Commanders and leaders
- Unknown: Unknown

Units involved
- 112th Brigade: Macedonian Police

Casualties and losses
- None: 1 policeman killed 3 injured

= Tearce attack =

2001 attack in Tearce

The Tearce attack was an attack carried out by the National Liberation Army on a Macedonian police station in Tearce, North Macedonia. This attack marked the beginning of the 2001 insurgency in Macedonia. As a result of the attack, one police officer was killed and three others were injured.

== Attack ==
The attack took place on 22 January 2001, on a Monday at 2:00 AM in the village of Tearce, which is inhabited largely by ethnic Albanians.

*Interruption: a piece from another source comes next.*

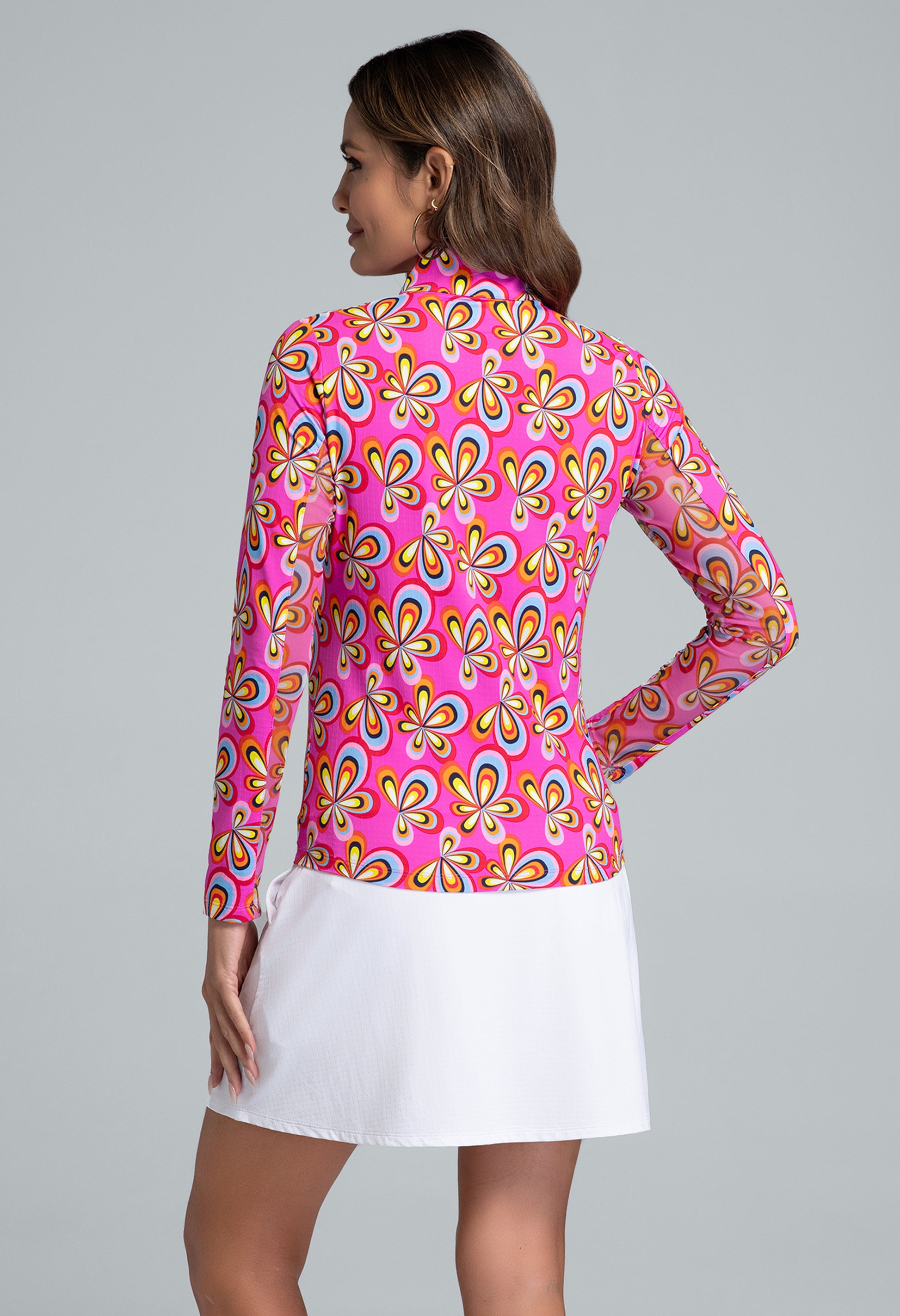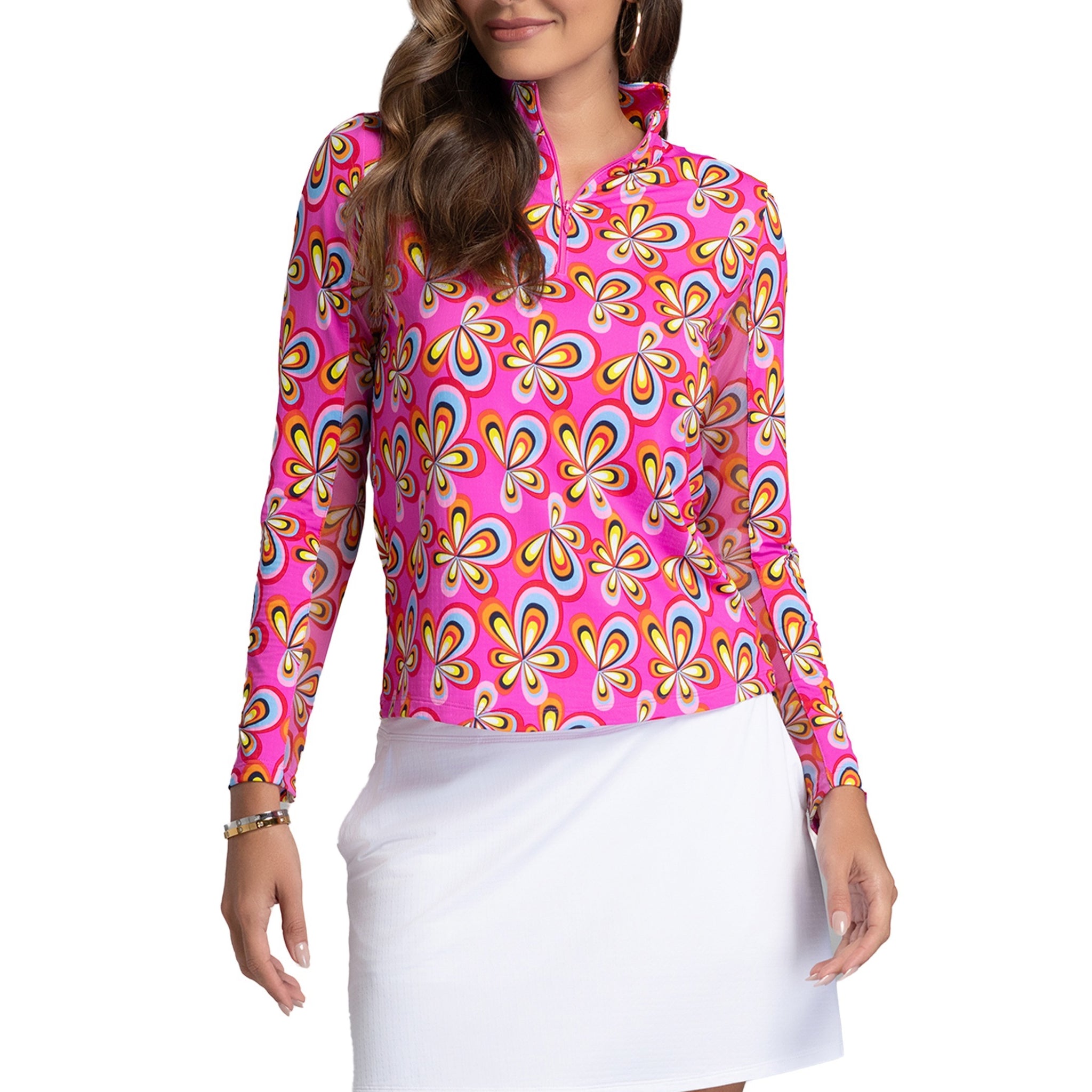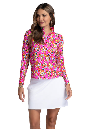 Bring the flower power. The Arya Long Sleeve Mock Neck Top combines bold, vintage-inspired blooms with modern performance features. With UPF 50+ sun protection and moisture-wicking Iceƒil® fabric, this top is made to move — on the course, court, or wherever the day takes you. A sleek silhouette, mesh underarm panels for added breathability, and a stand collar deliver elevated polish in every colorway.

During the attack, three or four NLA militants armed with a Chinese rocket launcher and two Kalashnikovs attacked a Macedonian police station. The militants killed the police officer Momir Stojanovski in the attack, who was killed by the rocket propelled grenade, while three other policemen were seriously injured. The injuries were believed to have been sustained from the two grenades fired at the station.

== Aftermath ==
The NLA claimed responsibility for the attack. After the attack in Tearce, the village was captured and held by the NLA. However, Macedonian police reported that the militants operated independently. Police spokesman Stevo Pendarovski reported, "These extreme radical individuals are not part of an organised group."

The attack in Tearce resulted in the beginning of the insurgency. It was designated as a terrorist attack by the Macedonian Ministry of Interior. On 22 October, the Macedonian police re-entered Tearce with the assistance of OSCE and EU.